• _Problem requirements_: Exactly as written, transcribe the data from its opening line through the line containing "为了树立学生积极参与国防教育". Leave every picture out.

• _Collected material_:
>>>

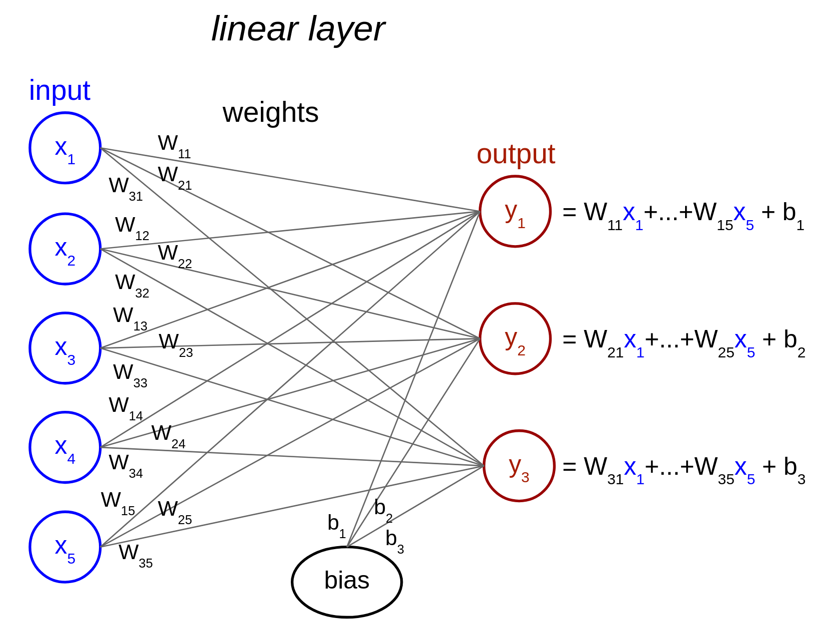 Figure 4.3: Illustration of a linear layer with five input features and three output features.
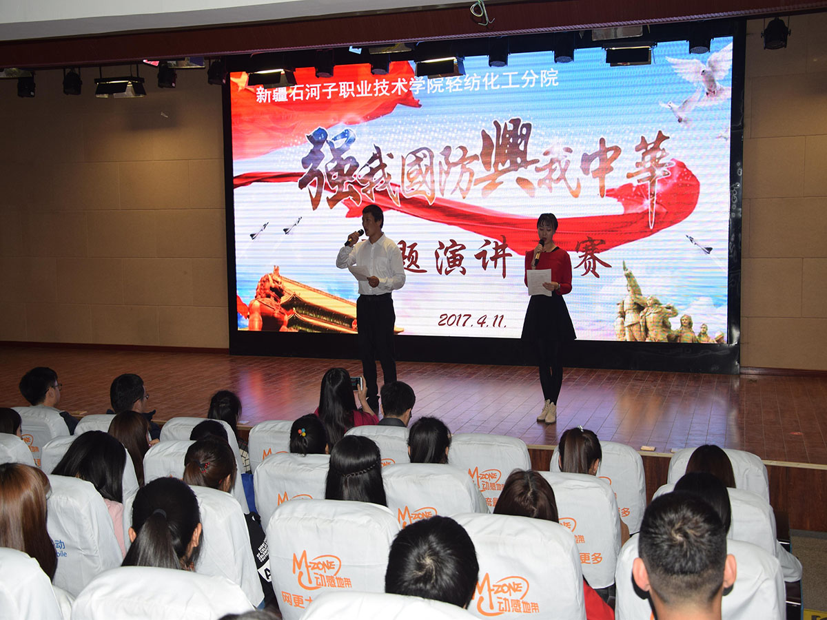 为了树立学生积极参与国防教育的自觉性和责任感,推动国防教育进课堂,2017年4月11日下午,轻纺化工分院学生会主办了以“崇尚英雄,爱我国防”为主题的演讲比赛,分院院长李大鹏、武亮老师、石妍老师、陈长营老师及许阿雪老师担任了本次演讲比赛的评委 。
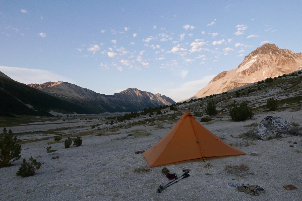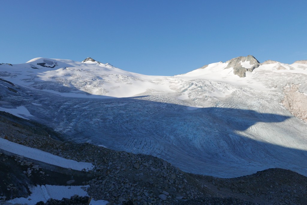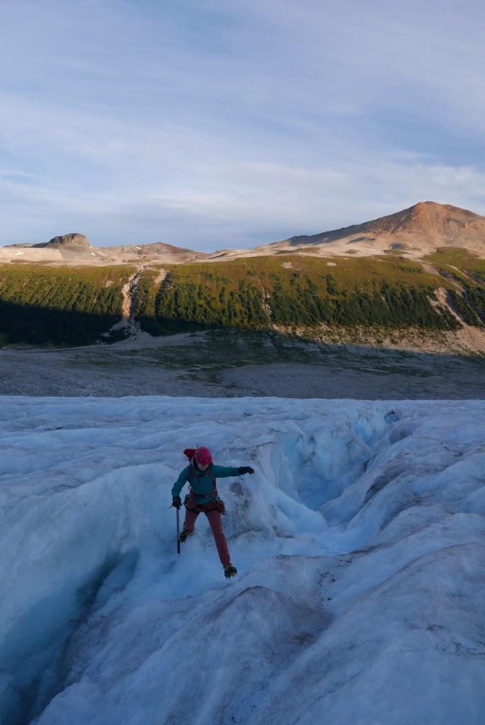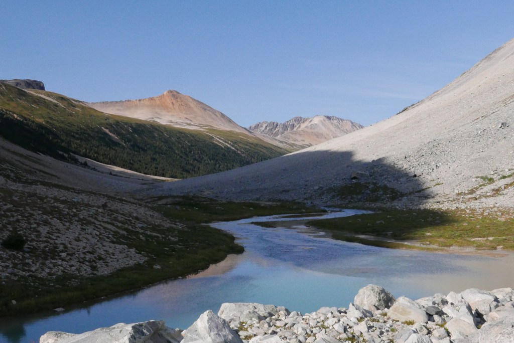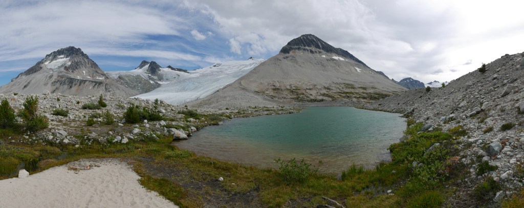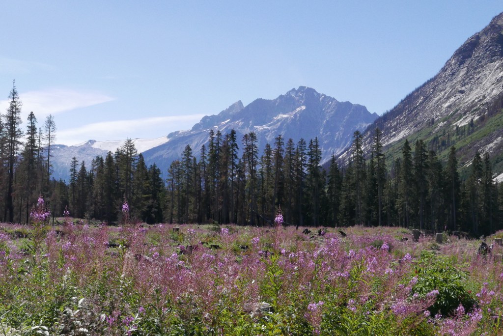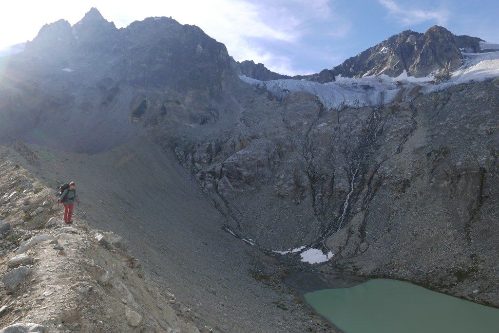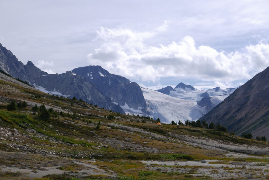 The hiking trail was in much better shape than expected. It’s a bit tricky to find the start from the burn, if in doubt just head down to Salal Creek and follow the creek up. From here there is regular flagging and cairns as you bounce between forest and riverbanks. No bushwhacking is currently required! The hike felt a bit rough in the midday heat with heavy packs, but once we made it up into the pass, the breeze and cooler air lifted our spirits quickly. We were shocked how many other parties were also camping in the pass for the long weekend. There was about 20 tents scattered throughout the valley. Fortunately, there are plenty of gorgeous and soft gravel campsites. We found one distanced from the others and settled in for the night looking up at Ethelweard.

<<<

• _Written solution_:
 Figure 4.3: Illustration of a linear layer with five input features and three output features.
 为了树立学生积极参与国防教育的自觉性和责任感,推动国防教育进课堂,2017年4月11日下午,轻纺化工分院学生会主办了以“崇尚英雄,爱我国防”为主题的演讲比赛,分院院长李大鹏、武亮老师、石妍老师、陈长营老师及许阿雪老师担任了本次演讲比赛的评委 。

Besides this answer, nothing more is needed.